The Country Girls and Girl with Green Eyes, along with their conclusion, were the three-part story of the emotional education of two Irish twenty-somethings, Baba and Kate, in the 1950s, in a rather remote village on their island. Everything around them was claustrophobic and oppressive: the nuns, the priests, the alcoholic father, the frustrated mother, the narrow roads, the lurking neighbors, the pub boys... But the two fought to build their lives, to be more or less free. So they went to Dublin to meet different people, to fall in love, and to seek oxygen. Everything seemed innocent and everything was important.

"I confess that I like these novels," O'Brien said in 2013 to EL MUNDO. "I remember the moment of writing them as a kind of golden age in my life. Writing this story was very easy. I felt that everything, the pain and the sense of exclusion I held, came out from within." O'Brien's novels had that air of naturalness, of "inevitability," in her words.

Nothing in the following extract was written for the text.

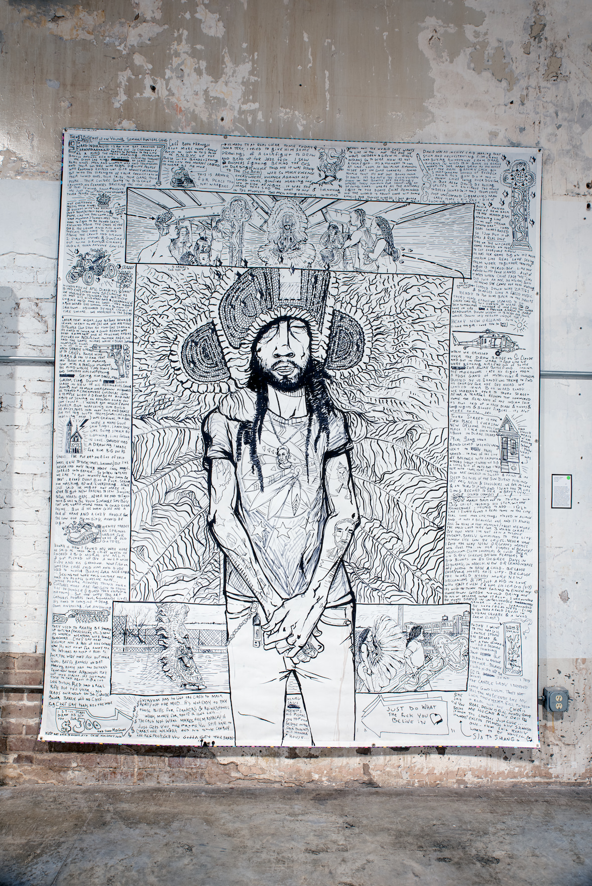 This drawing is the final piece in a series of black and white works on found vinyl banners. It is framed by stream of conscious text drawn from Allston's reflections on a second line as it passed under the Claiborne Bridge. The series developed through conversations with friends and loved ones about the city and their relationship to it, with the drawings acting as a sort of notebook.

But at the time (1960), The Country Girls posed a problem. The book fell into the hands of the parish priest in the author's hometown, in County Clare, and the man made a bonfire with it, scandalized because O'Brien's Kate had a couple of admirers with whom she was not sufficiently evasive.

By that time, Edna O'Brien had already moved to London, experiencing the years of Philip Larkin's Annus Mirabilis and cultural, social, and sexual openness. "One leaves Ireland and something cosmic remains that binds them to the island and is much stronger than patriotism. And it is forever." Works like A Pagan Place and The Little Red Chairs, also published in Spanish by Errata Naturae, explored that connection: they dealt, like The Country Girls, with a rural, lonely, beautiful, yet claustrophobic Ireland for women discovering life. As in her first novel, the appearance of a mysterious male figure was the catalyst for change, for novelistic action. O'Brien said her mold came from her compatriot Bram Stoker's Dracula.

So, an extreme character like herself. O'Brien published over 20 books, mostly novels and short story collections, and experienced "the extremes of joy and sadness, love, unrequited love, success and failure, fame and cruelty."

The author of those seemingly simple books became a countercultural figure. She experimented with LSD, led a sexually scandalous life at the time, became Philip Roth's great literary interlocutor, and worked as a journalist in Nigeria. Over the years, her name became a regular recitation in the great tradition of Irish literature: Joyce, Beckett, Shaw, O'Brien, and then Banville, Tóibín, and those who follow.